**DATA EXCERPT:**
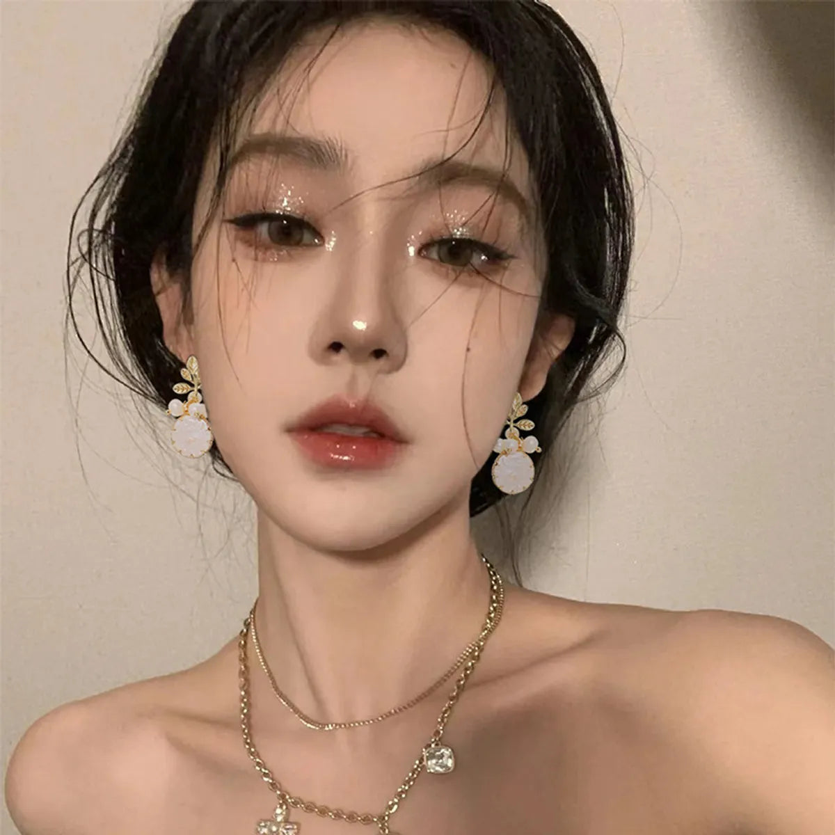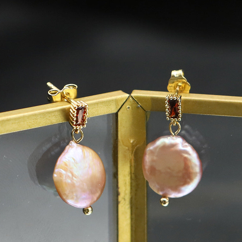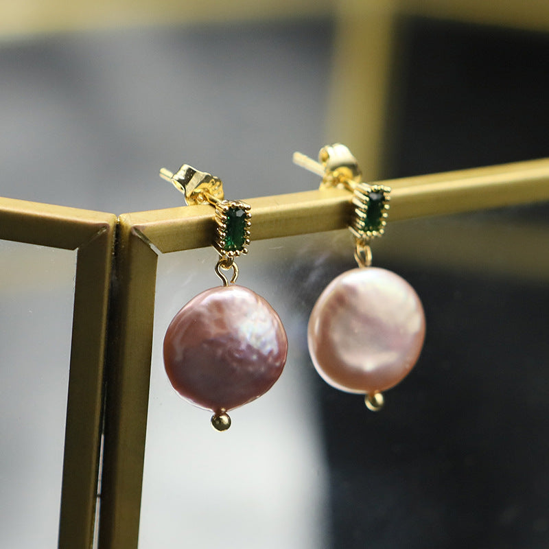 1 Pair Ethnic Style Leaf Square Oval Natural Stone Pearl Sterling Silver Earrings
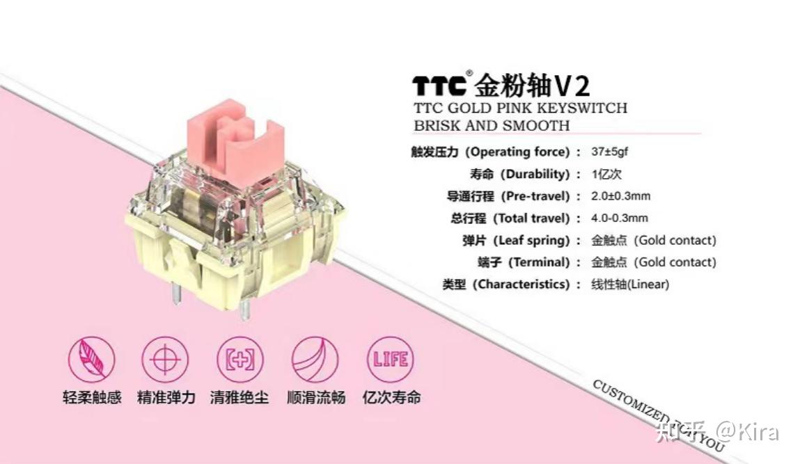 像TTC金粉轴,他的触发压力就是37gf,新出的TTC爱心轴,他的触发压力是38gf
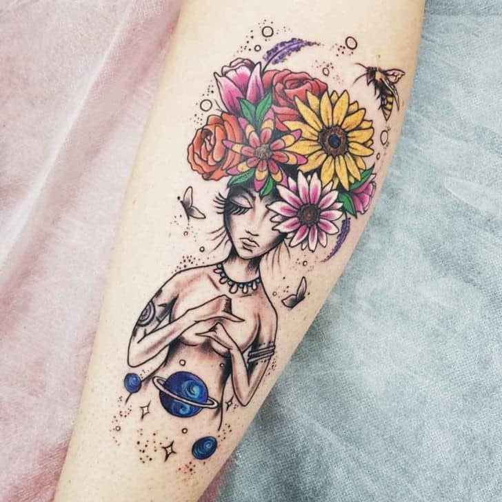 Kwiaty na tej części ciała będzie wyglądać znakomicie. Dotyczy to kolorowego jak i jednobarwnego tatuażu. Zapewne zwróci on uwagę wielu osób.

**WHAT IS NEEDED:** Leaving out the pictures, reproduce the whole listing above exactly.

**COMPLETED TASK:**
 1 Pair Ethnic Style Leaf Square Oval Natural Stone Pearl Sterling Silver Earrings
 像TTC金粉轴,他的触发压力就是37gf,新出的TTC爱心轴,他的触发压力是38gf
 Kwiaty na tej części ciała będzie wyglądać znakomicie. Dotyczy to kolorowego jak i jednobarwnego tatuażu. Zapewne zwróci on uwagę wielu osób.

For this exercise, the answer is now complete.